▶ Exercise brief
Your job is to return each record exactly, minus any pictures.

Recorded data

****

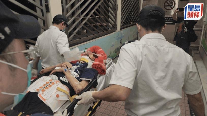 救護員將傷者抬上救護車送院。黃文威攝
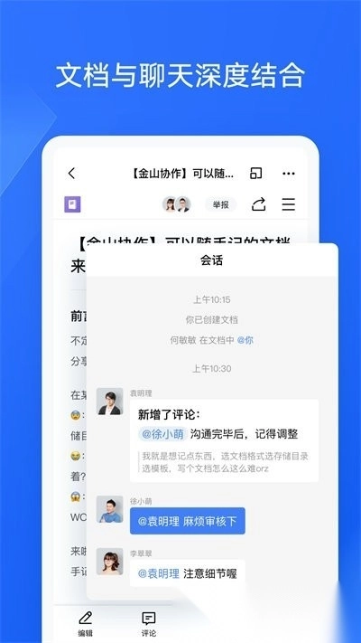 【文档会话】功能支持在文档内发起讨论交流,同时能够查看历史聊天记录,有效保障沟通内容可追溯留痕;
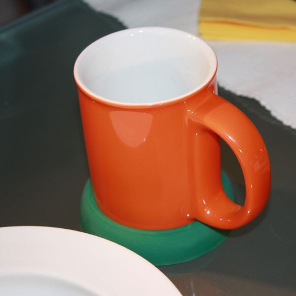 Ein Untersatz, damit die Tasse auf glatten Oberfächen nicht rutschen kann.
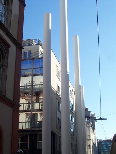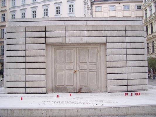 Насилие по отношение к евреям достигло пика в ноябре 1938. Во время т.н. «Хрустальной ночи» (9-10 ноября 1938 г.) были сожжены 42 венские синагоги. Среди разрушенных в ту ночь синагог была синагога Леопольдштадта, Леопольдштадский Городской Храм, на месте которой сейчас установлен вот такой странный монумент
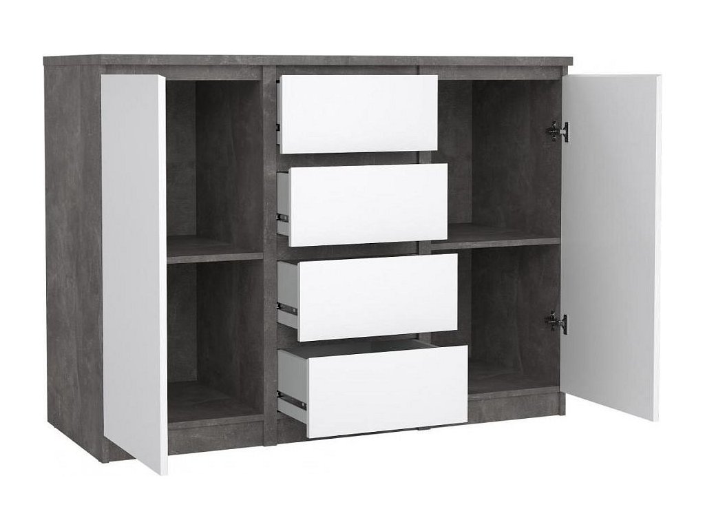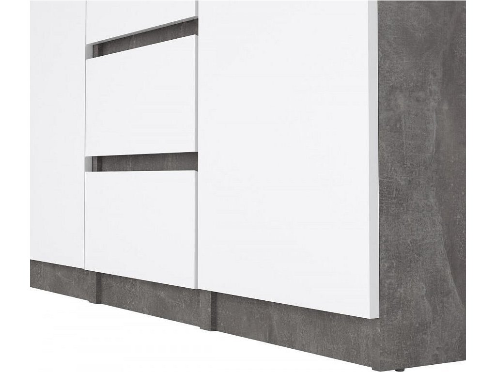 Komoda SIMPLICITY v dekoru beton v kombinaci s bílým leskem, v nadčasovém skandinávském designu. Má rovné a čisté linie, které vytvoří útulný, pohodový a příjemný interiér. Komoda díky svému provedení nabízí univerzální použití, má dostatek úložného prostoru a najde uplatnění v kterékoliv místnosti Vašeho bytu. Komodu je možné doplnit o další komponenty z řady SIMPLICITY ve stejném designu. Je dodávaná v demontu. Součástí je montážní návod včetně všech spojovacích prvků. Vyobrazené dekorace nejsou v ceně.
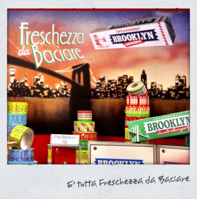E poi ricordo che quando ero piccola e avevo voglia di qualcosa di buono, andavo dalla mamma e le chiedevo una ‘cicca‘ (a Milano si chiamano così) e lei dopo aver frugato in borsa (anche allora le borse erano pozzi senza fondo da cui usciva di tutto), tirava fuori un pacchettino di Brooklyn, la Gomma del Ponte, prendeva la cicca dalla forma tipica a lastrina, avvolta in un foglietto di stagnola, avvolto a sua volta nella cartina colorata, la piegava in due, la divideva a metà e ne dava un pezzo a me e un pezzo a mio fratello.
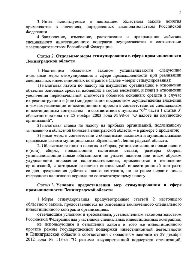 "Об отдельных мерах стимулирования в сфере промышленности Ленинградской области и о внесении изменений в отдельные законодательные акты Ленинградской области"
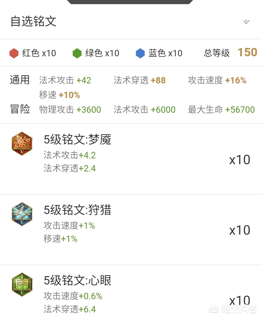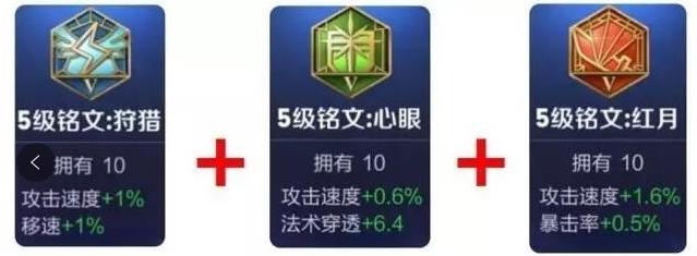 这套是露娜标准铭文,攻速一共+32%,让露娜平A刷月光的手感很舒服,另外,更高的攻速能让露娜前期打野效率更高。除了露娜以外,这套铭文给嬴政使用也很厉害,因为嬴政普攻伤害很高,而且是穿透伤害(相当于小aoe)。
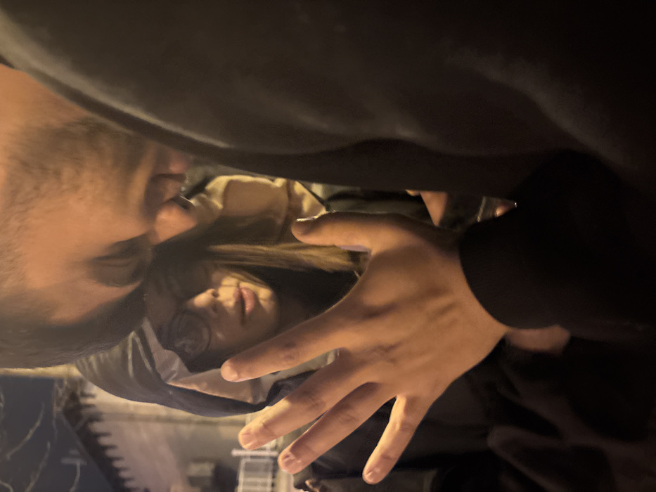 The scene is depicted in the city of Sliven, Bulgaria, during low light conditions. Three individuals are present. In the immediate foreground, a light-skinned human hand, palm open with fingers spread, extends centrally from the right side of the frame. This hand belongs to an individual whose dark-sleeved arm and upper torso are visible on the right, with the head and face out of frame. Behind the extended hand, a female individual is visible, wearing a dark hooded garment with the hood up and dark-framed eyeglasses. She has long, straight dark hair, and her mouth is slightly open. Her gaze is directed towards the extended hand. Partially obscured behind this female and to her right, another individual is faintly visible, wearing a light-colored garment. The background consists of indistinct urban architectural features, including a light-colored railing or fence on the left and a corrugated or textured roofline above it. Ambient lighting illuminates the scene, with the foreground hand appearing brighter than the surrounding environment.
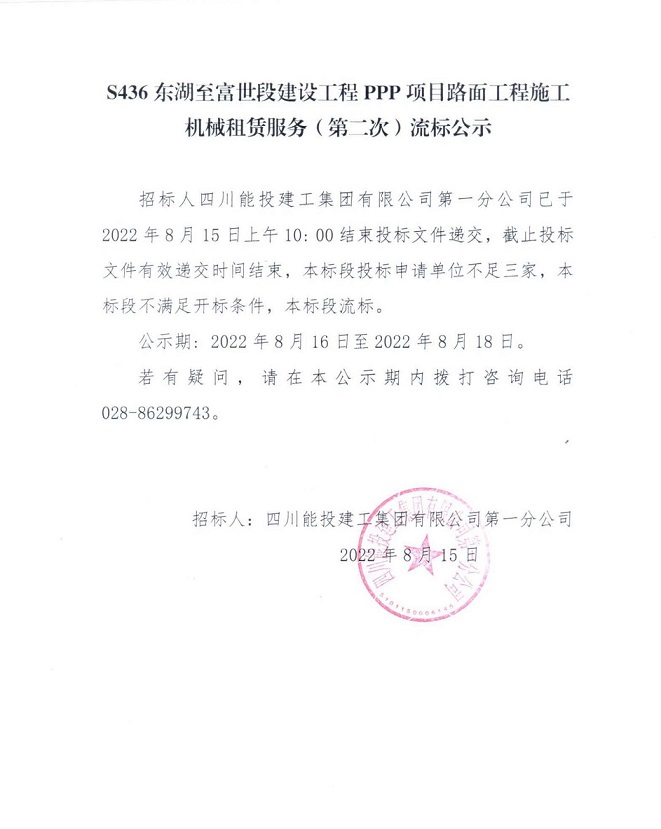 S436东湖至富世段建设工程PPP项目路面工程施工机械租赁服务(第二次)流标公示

****

▶ Response to this task
 救護員將傷者抬上救護車送院。黃文威攝
 【文档会话】功能支持在文档内发起讨论交流,同时能够查看历史聊天记录,有效保障沟通内容可追溯留痕;
 Ein Untersatz, damit die Tasse auf glatten Oberfächen nicht rutschen kann.
 Насилие по отношение к евреям достигло пика в ноябре 1938. Во время т.н. «Хрустальной ночи» (9-10 ноября 1938 г.) были сожжены 42 венские синагоги. Среди разрушенных в ту ночь синагог была синагога Леопольдштадта, Леопольдштадский Городской Храм, на месте которой сейчас установлен вот такой странный монумент
 Komoda SIMPLICITY v dekoru beton v kombinaci s bílým leskem, v nadčasovém skandinávském designu. Má rovné a čisté linie, které vytvoří útulný, pohodový a příjemný interiér. Komoda díky svému provedení nabízí univerzální použití, má dostatek úložného prostoru a najde uplatnění v kterékoliv místnosti Vašeho bytu. Komodu je možné doplnit o další komponenty z řady SIMPLICITY ve stejném designu. Je dodávaná v demontu. Součástí je montážní návod včetně všech spojovacích prvků. Vyobrazené dekorace nejsou v ceně.
E poi ricordo che quando ero piccola e avevo voglia di qualcosa di buono, andavo dalla mamma e le chiedevo una ‘cicca‘ (a Milano si chiamano così) e lei dopo aver frugato in borsa (anche allora le borse erano pozzi senza fondo da cui usciva di tutto), tirava fuori un pacchettino di Brooklyn, la Gomma del Ponte, prendeva la cicca dalla forma tipica a lastrina, avvolta in un foglietto di stagnola, avvolto a sua volta nella cartina colorata, la piegava in due, la divideva a metà e ne dava un pezzo a me e un pezzo a mio fratello.
 "Об отдельных мерах стимулирования в сфере промышленности Ленинградской области и о внесении изменений в отдельные законодательные акты Ленинградской области"
 这套是露娜标准铭文,攻速一共+32%,让露娜平A刷月光的手感很舒服,另外,更高的攻速能让露娜前期打野效率更高。除了露娜以外,这套铭文给嬴政使用也很厉害,因为嬴政普攻伤害很高,而且是穿透伤害(相当于小aoe)。
 The scene is depicted in the city of Sliven, Bulgaria, during low light conditions. Three individuals are present. In the immediate foreground, a light-skinned human hand, palm open with fingers spread, extends centrally from the right side of the frame. This hand belongs to an individual whose dark-sleeved arm and upper torso are visible on the right, with the head and face out of frame. Behind the extended hand, a female individual is visible, wearing a dark hooded garment with the hood up and dark-framed eyeglasses. She has long, straight dark hair, and her mouth is slightly open. Her gaze is directed towards the extended hand. Partially obscured behind this female and to her right, another individual is faintly visible, wearing a light-colored garment. The background consists of indistinct urban architectural features, including a light-colored railing or fence on the left and a corrugated or textured roofline above it. Ambient lighting illuminates the scene, with the foreground hand appearing brighter than the surrounding environment.
 S436东湖至富世段建设工程PPP项目路面工程施工机械租赁服务(第二次)流标公示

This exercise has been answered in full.